Filter has false positives

Created on 10 June 2024, 21 days ago
Updated 29 June 2024, 2 days ago

Problem/Motivation

Once engaged, the HighlightJs filter regex incorrectly matches any string of "language-*" in the node text as a code block to be highlighted.

For example, if a node with a code block also contains the text "language-specific" or "language-dependent" anywhere in the body, the filter regex matches those text strings as code blocks to be highlighted, with "specific" and "dependent" as the respective languages.

Additionally, the filter triggers on isolated <code> tags that are not inside a <pre> tag.

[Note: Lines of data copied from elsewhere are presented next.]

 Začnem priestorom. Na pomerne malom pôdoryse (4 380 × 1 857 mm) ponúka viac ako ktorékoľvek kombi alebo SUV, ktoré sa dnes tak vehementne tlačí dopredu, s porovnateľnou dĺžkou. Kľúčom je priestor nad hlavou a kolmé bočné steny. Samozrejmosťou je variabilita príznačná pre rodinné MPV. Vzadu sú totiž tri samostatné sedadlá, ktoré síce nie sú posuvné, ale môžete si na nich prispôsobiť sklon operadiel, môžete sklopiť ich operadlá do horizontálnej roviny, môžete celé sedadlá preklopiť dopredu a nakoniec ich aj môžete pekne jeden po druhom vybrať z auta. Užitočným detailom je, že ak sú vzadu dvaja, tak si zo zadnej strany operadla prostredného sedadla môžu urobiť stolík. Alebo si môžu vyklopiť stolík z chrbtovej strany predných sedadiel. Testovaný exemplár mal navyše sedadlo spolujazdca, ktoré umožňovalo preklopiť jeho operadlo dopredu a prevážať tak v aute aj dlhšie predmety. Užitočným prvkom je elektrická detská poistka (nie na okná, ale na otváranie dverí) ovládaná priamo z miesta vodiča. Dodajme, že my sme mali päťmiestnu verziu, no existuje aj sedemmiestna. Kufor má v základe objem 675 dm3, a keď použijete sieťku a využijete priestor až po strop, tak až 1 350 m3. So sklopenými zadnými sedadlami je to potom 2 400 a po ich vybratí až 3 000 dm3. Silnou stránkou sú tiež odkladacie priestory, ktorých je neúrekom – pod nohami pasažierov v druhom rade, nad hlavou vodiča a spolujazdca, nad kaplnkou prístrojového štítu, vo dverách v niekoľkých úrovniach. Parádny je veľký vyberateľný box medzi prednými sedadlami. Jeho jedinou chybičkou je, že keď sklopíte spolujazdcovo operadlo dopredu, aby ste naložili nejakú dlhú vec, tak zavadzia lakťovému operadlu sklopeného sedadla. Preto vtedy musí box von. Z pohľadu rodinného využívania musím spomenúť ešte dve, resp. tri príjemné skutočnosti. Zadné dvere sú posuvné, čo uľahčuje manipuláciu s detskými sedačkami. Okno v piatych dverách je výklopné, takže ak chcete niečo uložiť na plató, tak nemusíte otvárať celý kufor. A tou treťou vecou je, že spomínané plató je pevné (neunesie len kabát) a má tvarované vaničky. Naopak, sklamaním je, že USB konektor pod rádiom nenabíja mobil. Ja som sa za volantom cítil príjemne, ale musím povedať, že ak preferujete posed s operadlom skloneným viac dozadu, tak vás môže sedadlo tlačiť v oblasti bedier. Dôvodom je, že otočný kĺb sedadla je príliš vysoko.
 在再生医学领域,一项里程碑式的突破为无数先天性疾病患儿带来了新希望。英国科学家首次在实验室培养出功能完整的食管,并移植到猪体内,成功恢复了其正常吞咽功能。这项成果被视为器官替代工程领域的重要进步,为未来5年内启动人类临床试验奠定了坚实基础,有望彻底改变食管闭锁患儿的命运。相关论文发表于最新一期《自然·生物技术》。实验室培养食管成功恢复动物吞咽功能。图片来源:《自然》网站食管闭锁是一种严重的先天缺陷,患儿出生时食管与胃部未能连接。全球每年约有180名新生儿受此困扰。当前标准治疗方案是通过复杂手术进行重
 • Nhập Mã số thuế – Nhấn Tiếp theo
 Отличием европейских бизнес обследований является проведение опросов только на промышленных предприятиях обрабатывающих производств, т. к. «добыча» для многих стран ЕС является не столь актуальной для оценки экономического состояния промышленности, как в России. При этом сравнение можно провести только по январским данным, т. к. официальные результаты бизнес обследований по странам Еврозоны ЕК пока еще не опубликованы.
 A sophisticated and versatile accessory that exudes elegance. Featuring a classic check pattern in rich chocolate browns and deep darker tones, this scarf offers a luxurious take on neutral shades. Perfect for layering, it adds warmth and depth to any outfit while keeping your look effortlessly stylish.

According to the highlight.js defaults and the help text for the filter (on the text format configuration page), the filter should only trigger on <pre><code> cases.

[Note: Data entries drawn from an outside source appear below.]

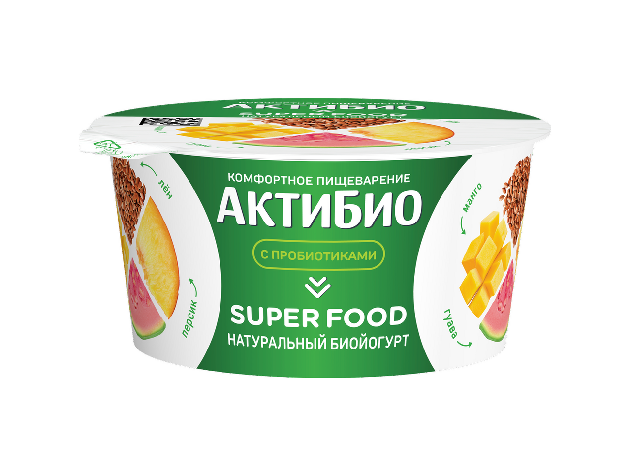 Йогурт Актибио персик-манго-гуава-лен 2.2%, 140г
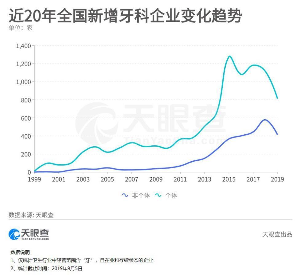 天眼查數(shù)據(jù)顯示,近二十年來,我國共新增12905家牙科企業(yè),且每年新注冊的牙科企業(yè)數(shù)持續(xù)增長。2015-2019年,每年新增牙科企業(yè)均超過1000家,呈井噴式發(fā)展,其中2015年新增的牙科企業(yè)數(shù)接近2014年的兩倍。
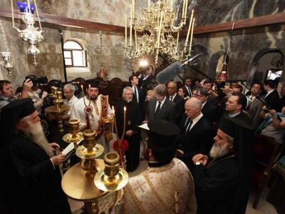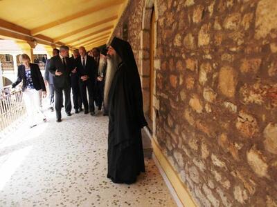 Στη συνέχεια ανέβηκαν στο λόφο του Καπή και κατέθεσαν στεφάνι στο μνημείο του Καλαβρυτινού ολοκαυτώματος και άναψαν κεριά στην κατακόμβη των ηρώων.
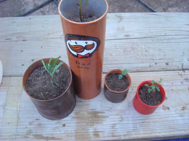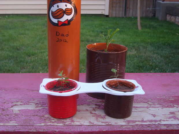 Sacar suciedad en una bolsa de plástico y colocar en la lata de Pringles. Esto hará más fácil de limpiar utilizando para otra cosa después de plantado el árbol.
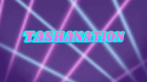 Animated intro featuring 'TASHANATION' text in pink and blue on a vibrant purple background with glowing lines.
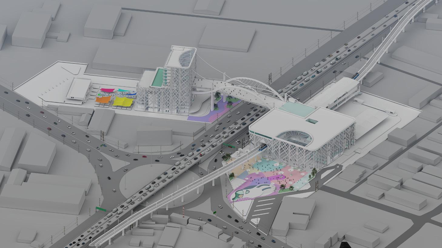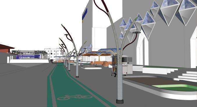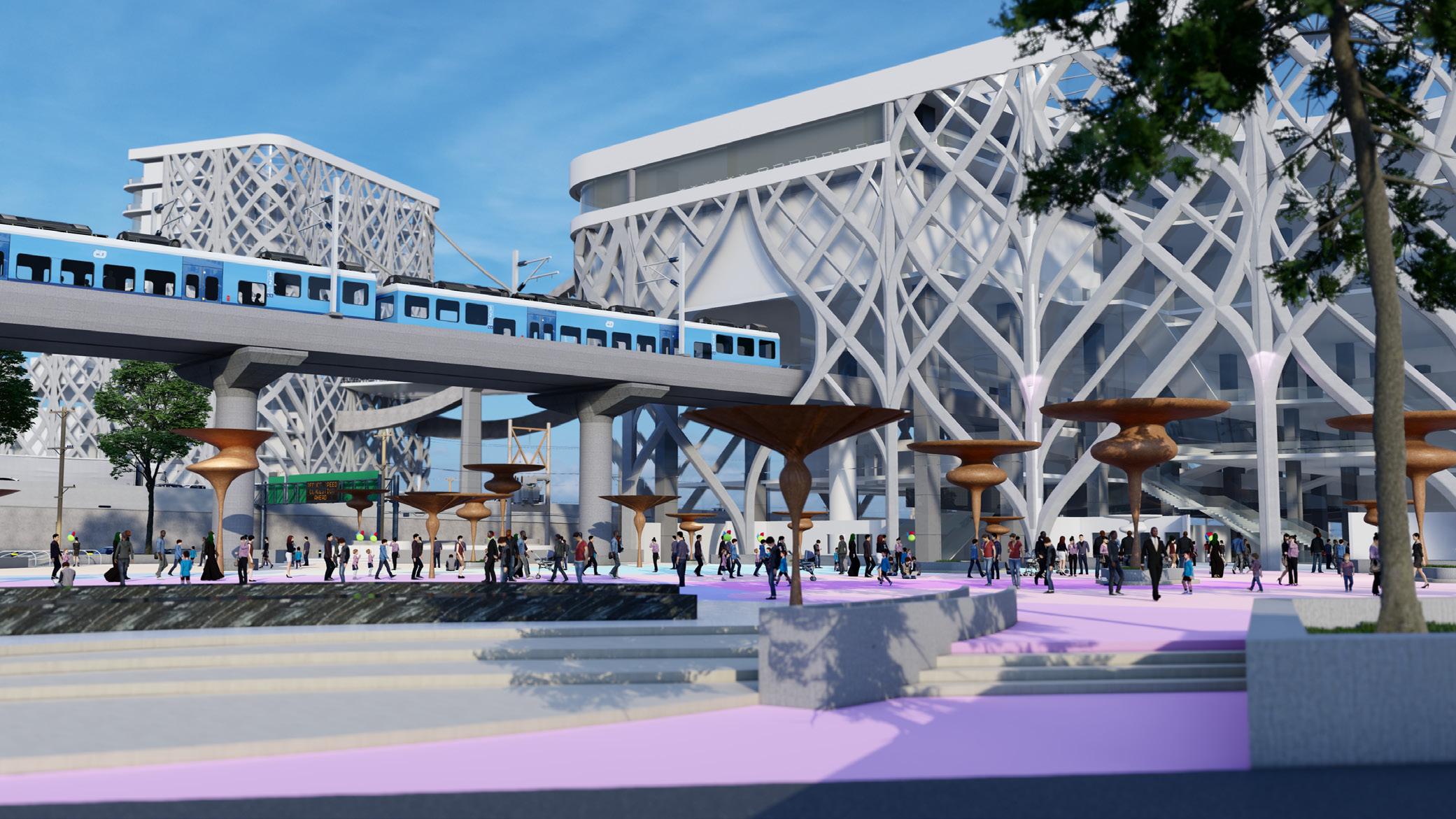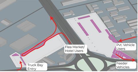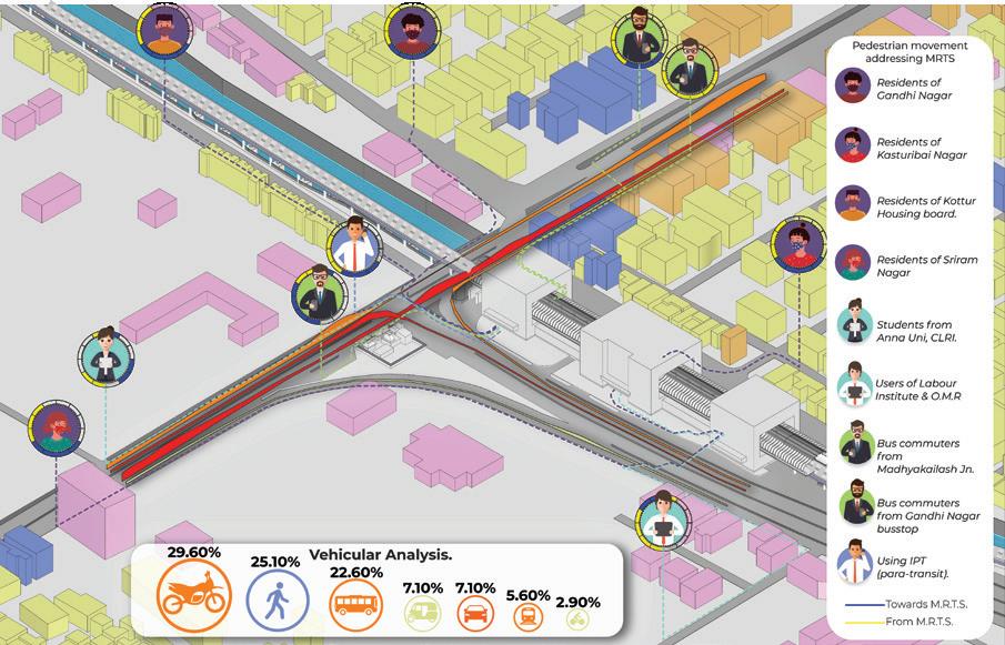 Social space intertwining with various modes of transport and enabling last mile connectivity. Taking the motorised transport lanes underground to enhancing the use of non motorised transport above ground thereby making the plaza pedestrian friendly.

This creates a couple of problems:

  • Triggers the attempted loading of highlight.js language files for those invalid languages.
  • Results in a javascript error that prevents valid code blocks from being highlighted.
  • Results in unnecessary requests for pages that don't contain valid code blocks.

Steps to reproduce

  1. Create a new node containing a valid code block.
  2. Add the text "language-invalid" anywhere on the page.
  3. Publish and view the node.
  • Only the highlight.js language for the valid code block is loaded.
  • The valid code block is highlighted correctly.
  • A request is made for a language named "invalid", which causes a Javascript error.
  • The valid code block is not highlighted due to the Javascript error.
  1. Create a new node containing only a <code> tag that is not inside a <pre> tag, and give that tag a highlight.js language.
    For example:
    <code class="language-php">// some PHP code....
  2. Publish and view the node.

No highlight.js assets are loaded for the page.

highlight.js assets are loaded, even though there's no valid code block that highlight.js can highlight.

Proposed resolution

  • In HighlightJs.php, refine the logic in the filter that searches for code to be highlighted.
  • In highlightjs_input_filter.js, add a catch for the import to handle import errors. Refining the regex in the filter will mitigate false positives, but even with valid language imports there still may be Javascript import errors. Adding a catch will handle those errors more gracefully.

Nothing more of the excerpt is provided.